|Turkett Jr., William|
Submitted to: Bioinformatics
Publication Type: Peer Reviewed Journal
Publication Acceptance Date: 11/21/2004
Publication Date: 4/1/2005
Citation: Rose, J.R., Turkett Jr., W.H., Oroian, I.C., Laegreid, W.W., Keele, J.W. 2005. Correlation of amino acid preference and mammalian viral genome type. Bioinformatics 21(8):1349-1357. Interpretive Summary: Molecular diagnostic methods that could be employed in the event of an outbreak of animal or human viral disease include sequencing of viral nucleic acid directly from samples from infected individuals. Current methods for analyzing such sequence involve comparisons to known viral sequences stored in a database. However, if the infection is caused by a novel virus, or if the virus is highly variable, such approaches may not resolve the virus identity. This study attempted to look at higher level information that could be derived from the viral sequence and classify them as to virus genome type, double stranded DNA, positive stranded RNA, retroviral, etc. Mathematical models were derived that accurately predict the viral genome type from as few as 300 bases of viral genome sequence, with more accurate classification from 600 bases of sequence. This approach may be useful in the event of an outbreak of disease caused by an unknown virus.

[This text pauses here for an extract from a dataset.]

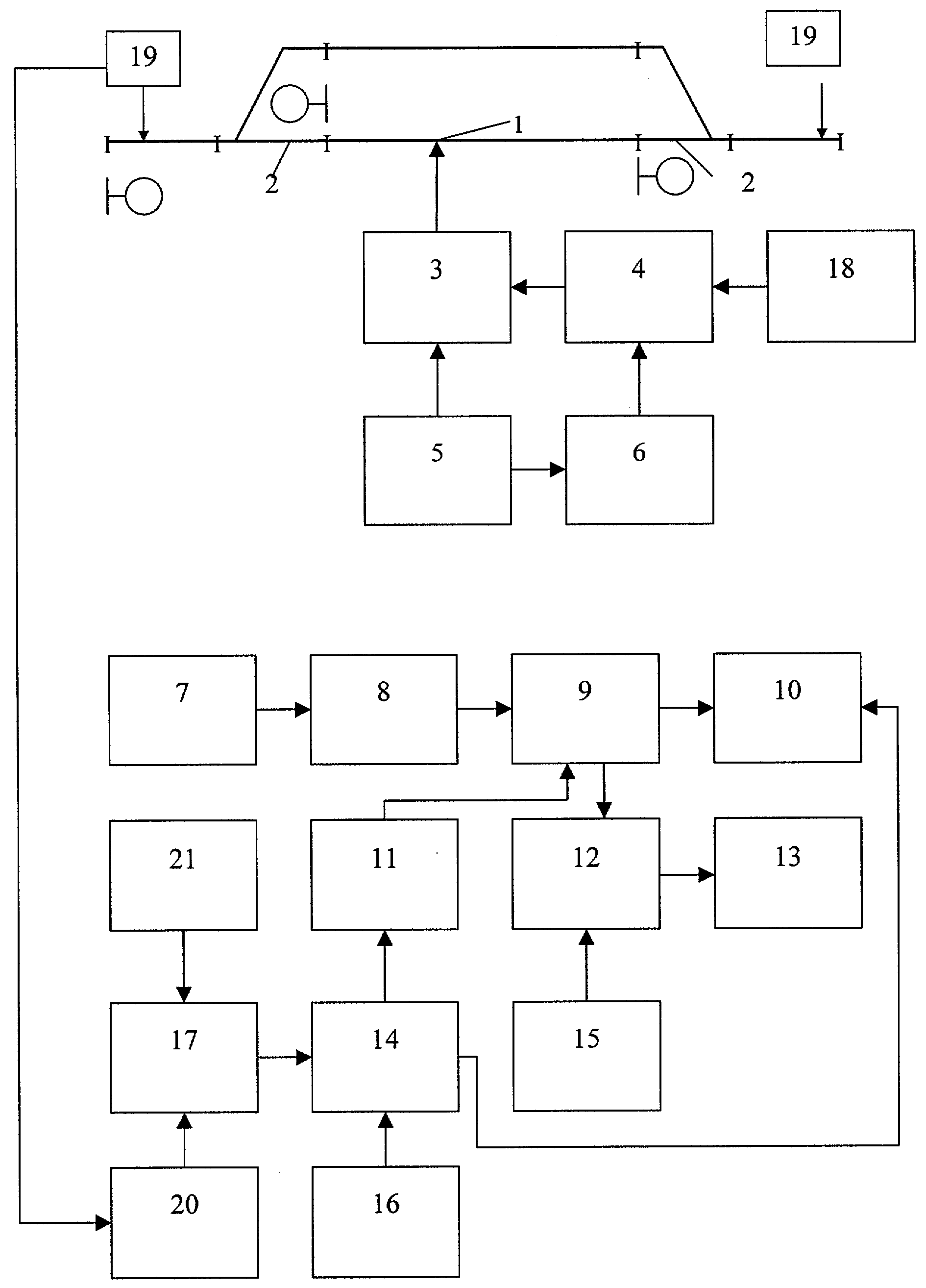 какой-либо вышеуказанной секции блок 6 определения установки маршрутов дает команду на средство 4 выключения блока кодирования и кодирование рельсовой цепи 1 прекращается. Прекратить кодирование может

Technical Abstract: Motivation: In the event of an outbreak of a disease caused by an initially unknown pathogen, the ability to characterize anonymous sequences prior to isolation and culturing of the pathogen will be helpful. We show that it is possible to classify viral sequences by genome type (dsDNA, ssDNA, ssRNA positive strand, ssRNA negative strand, retroid) using amino acid distribution. Results: In this paper we describe the results of analysis of amino acid preference in mammalian viruses. The study was carried out at the genome level as well as two shorter sequence levels: short (300 amino acids) and medium length (660 amino acids). The analysis indicates a correlation between the viral genome types dsDNA, ssDNA, ssRNA positive strand, ssRNA negative strand and retroid and amino acid preference. We investigated three different models of amino acid preference. The simplest amino acid preference model, 1-AAP, is a normalized description of the frequency of amino acids in genomes of a viral genome type. A slightly more complex model is the ordered pair amino acid preference model (2-AAP), which characterizes genomes of different viral genome types by the frequency of ordered pairs of amino acids. The most complex and accurate model is the ordered triple amino acid preference model (3-AAP), which is based on ordered triples of amino acids. The results demonstrate that mammalian viral genome types differ in their amino acid preference.